Morris is obviously best known for his work which pushes the boundaries of taste and acceptability (at least according to the Daily Mail), and he’s likely to spark more controversy in the vein of ‘Ban This Sick Filth!’ with this, a comedy about a group of British jihadis who hatch a hare-brained plan to blow up the London Marathon.

I’ve been a big fan of Chris Morris’ stuff throughout his career. Aside from all the tabloid and ‘celebrity’ baiting material, I once heard Dom Joly describe him as a brilliant absurdist, and I couldn’t agree more. The material I’ve found the funniest has been in this vein – the exchanges between the characters in The Day Today, the bizarre and challenging nature of much of Blue Jam (with the Doctor sketches being a particular favourite).

The only thing I didn’t really care for was Nathan Barley, though it had its moments.
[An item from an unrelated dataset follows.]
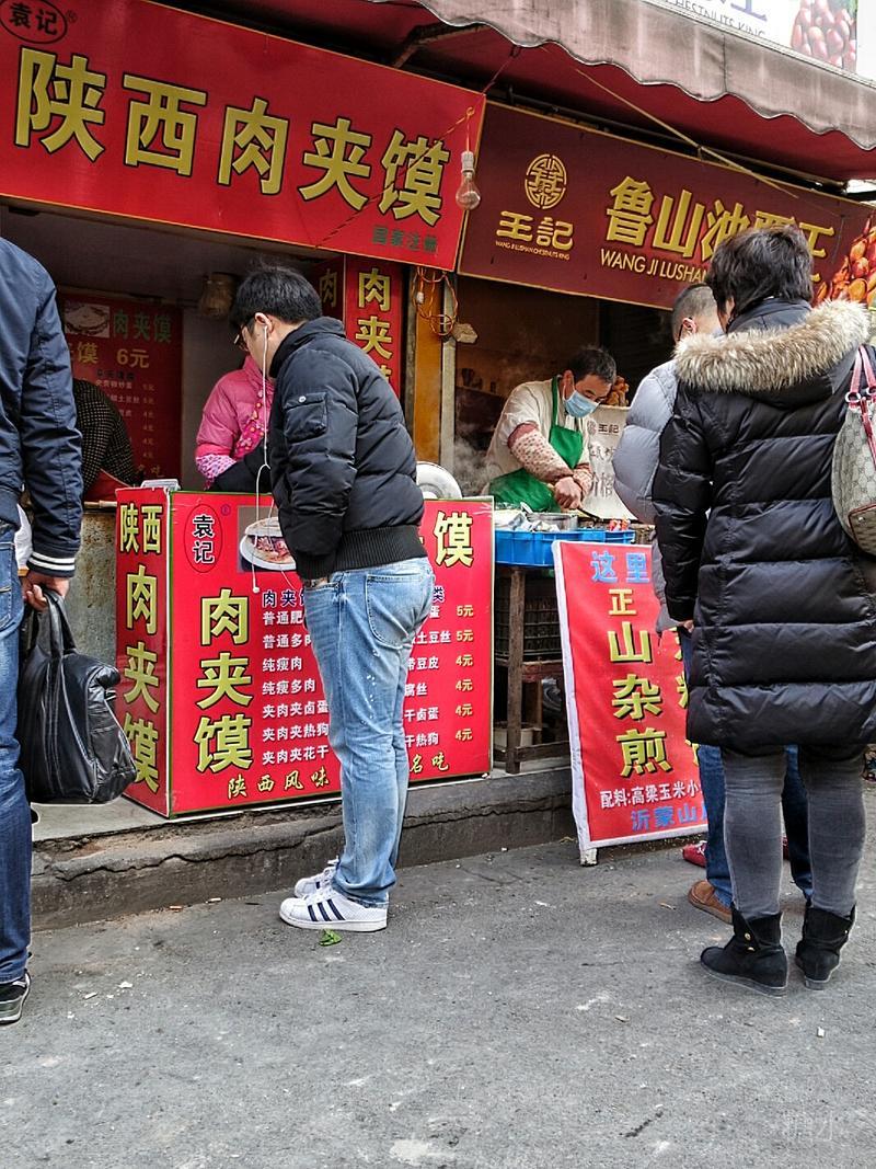 陕西的肉夹馍,一般是用上好面粉揉制后做成饼形,放入炉膛侧立,上下隔着铁铛板的炭火烘烤,稍顷翻面,双面焦黄的食品。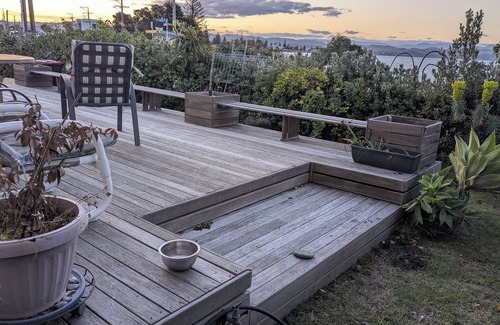 This quintessential kiwi batch has panoramic ocean views even from bed, a large deck and a private spa. Close to the airport, excellent restaurants and night life.

It’s strange though because being a big fan of both Morris and Charlie Brooker it’s a great recipe, but somehow it just didn’t work in practice. Its humour was too crude, too sexual, too innuendo based for me and I never found a hook in any of the characters to identify with – they were all eminently dislikeable. I watched it all but didn’t buy the DVD, put it that way. Apparently the original pilot on the disc is much funnier – so why didn’t they air it?

But Four Lions has been reviewed very favourably in previews, if that’s anything to go by. A review might prompt me to see something I otherwise wouldn’t, but will never push me in the opposite direction and dissuade me from something I had been looking forward to. Fingers crossed with this, and in an odd parallel with Showtime’s Dexter (of which I have just bought the third series), by the accounts I’ve read it manages to get you to empathise with people committing despicable acts, questioning your own morality in the process. No mean feat.